- DATASET CONTENT -
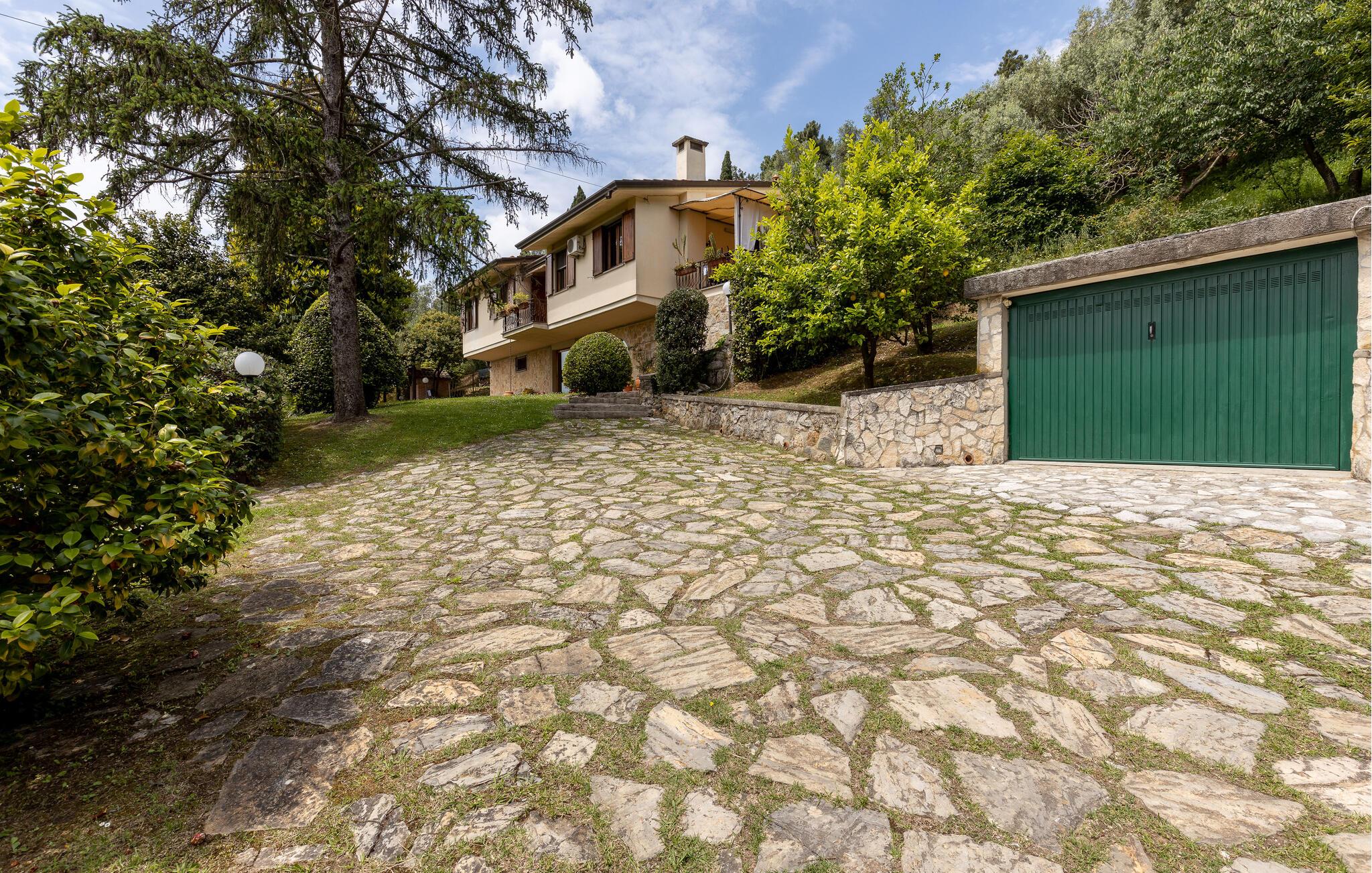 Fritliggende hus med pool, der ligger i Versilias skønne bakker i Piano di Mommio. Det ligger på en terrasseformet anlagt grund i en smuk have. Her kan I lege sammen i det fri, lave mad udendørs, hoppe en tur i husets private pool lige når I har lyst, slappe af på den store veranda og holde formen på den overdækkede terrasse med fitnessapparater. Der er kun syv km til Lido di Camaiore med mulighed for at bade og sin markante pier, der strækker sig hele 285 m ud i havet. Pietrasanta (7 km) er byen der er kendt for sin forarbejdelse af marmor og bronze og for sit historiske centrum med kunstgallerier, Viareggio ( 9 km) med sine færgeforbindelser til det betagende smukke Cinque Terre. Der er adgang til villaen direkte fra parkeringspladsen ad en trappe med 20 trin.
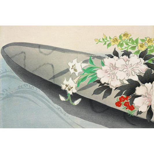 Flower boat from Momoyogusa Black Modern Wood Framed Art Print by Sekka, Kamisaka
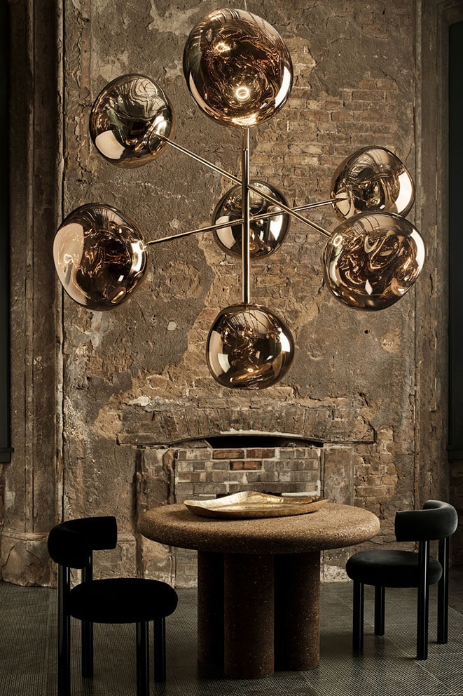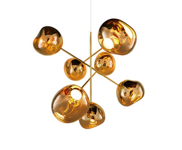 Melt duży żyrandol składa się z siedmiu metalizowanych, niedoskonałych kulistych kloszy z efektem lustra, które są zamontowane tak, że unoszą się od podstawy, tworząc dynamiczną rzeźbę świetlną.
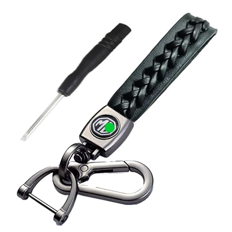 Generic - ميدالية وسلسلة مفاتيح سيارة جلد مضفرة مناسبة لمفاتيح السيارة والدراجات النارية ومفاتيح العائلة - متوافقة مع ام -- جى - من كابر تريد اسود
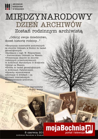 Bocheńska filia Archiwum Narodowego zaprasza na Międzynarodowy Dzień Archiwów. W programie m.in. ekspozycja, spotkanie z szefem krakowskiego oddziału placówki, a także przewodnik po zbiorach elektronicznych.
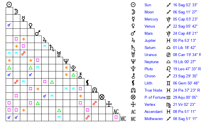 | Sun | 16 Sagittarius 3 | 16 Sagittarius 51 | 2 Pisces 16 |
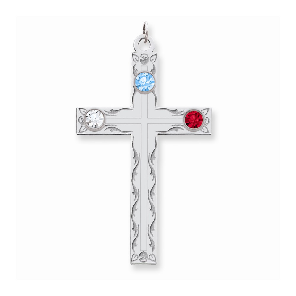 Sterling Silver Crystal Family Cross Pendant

- WORK ORDER -
Reproduce each entry verbatim, excluding any embedded images.

- ANSWER TO THIS PROBLEM -
 Fritliggende hus med pool, der ligger i Versilias skønne bakker i Piano di Mommio. Det ligger på en terrasseformet anlagt grund i en smuk have. Her kan I lege sammen i det fri, lave mad udendørs, hoppe en tur i husets private pool lige når I har lyst, slappe af på den store veranda og holde formen på den overdækkede terrasse med fitnessapparater. Der er kun syv km til Lido di Camaiore med mulighed for at bade og sin markante pier, der strækker sig hele 285 m ud i havet. Pietrasanta (7 km) er byen der er kendt for sin forarbejdelse af marmor og bronze og for sit historiske centrum med kunstgallerier, Viareggio ( 9 km) med sine færgeforbindelser til det betagende smukke Cinque Terre. Der er adgang til villaen direkte fra parkeringspladsen ad en trappe med 20 trin.
 Flower boat from Momoyogusa Black Modern Wood Framed Art Print by Sekka, Kamisaka
 Melt duży żyrandol składa się z siedmiu metalizowanych, niedoskonałych kulistych kloszy z efektem lustra, które są zamontowane tak, że unoszą się od podstawy, tworząc dynamiczną rzeźbę świetlną.
 Generic - ميدالية وسلسلة مفاتيح سيارة جلد مضفرة مناسبة لمفاتيح السيارة والدراجات النارية ومفاتيح العائلة - متوافقة مع ام -- جى - من كابر تريد اسود
 Bocheńska filia Archiwum Narodowego zaprasza na Międzynarodowy Dzień Archiwów. W programie m.in. ekspozycja, spotkanie z szefem krakowskiego oddziału placówki, a także przewodnik po zbiorach elektronicznych.
 | Sun | 16 Sagittarius 3 | 16 Sagittarius 51 | 2 Pisces 16 |
 Sterling Silver Crystal Family Cross Pendant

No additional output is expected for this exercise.